Using Harmonic Blocking to Prevent Spurious Trips During Inrush Conditions

Steve Turner, Arizona Public Service CompanyColumns, Fall 2023 Columns, Relay Column

A numerical feeder protection relay would trip when a collector feeder breaker is closed due to inrush at a solar photovoltaic site. The inrush current is due to energizing power transformers. This article demonstrates how to use harmonic blocking to prevent this unwanted tripping.

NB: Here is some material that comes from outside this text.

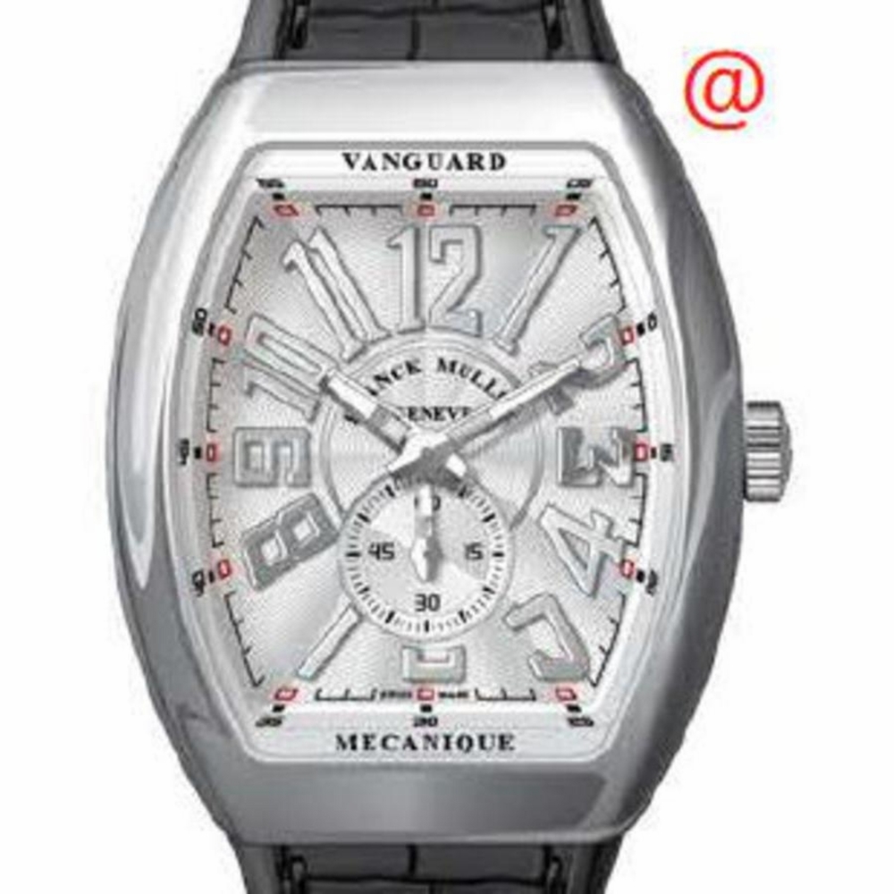 Silver-tone stainless steel case with a black alligator band. Fixed silver-tone stainless steel bezel. Silver-tone dial with silver-tone hands and Arabic numeral hour markers. Minute markers around the outer rim. Dial Type: Analog. Luminescent hands and markers. Automatic movement. Scratch resistant sapphire crystal. Tonneau case shape, case size: 41 mm. Functions: hour, minute, second. Additional Info: original box, international warranty card, manual (complete accessories). Vanguard Series. Luxury watch style. Watch label: Swiss Made. Franck Muller Vanguard Automatic Silver Dial Mens Watch V41SS6RELACNR(BLCAC).

Magnetizing inrush currents may cause overcurrent elements to operate when the line is energized. The fundamental magnitude of this inrush current is often multiples of the rated transformer load current. Second harmonic blocking logic can prevent this by blocking such elements until the inrush currents have subsided. This logic (see Figure 2) uses the ratio of the second harmonic content of each phase to the fundamental current of the same phase to calculate the percent harmonic content.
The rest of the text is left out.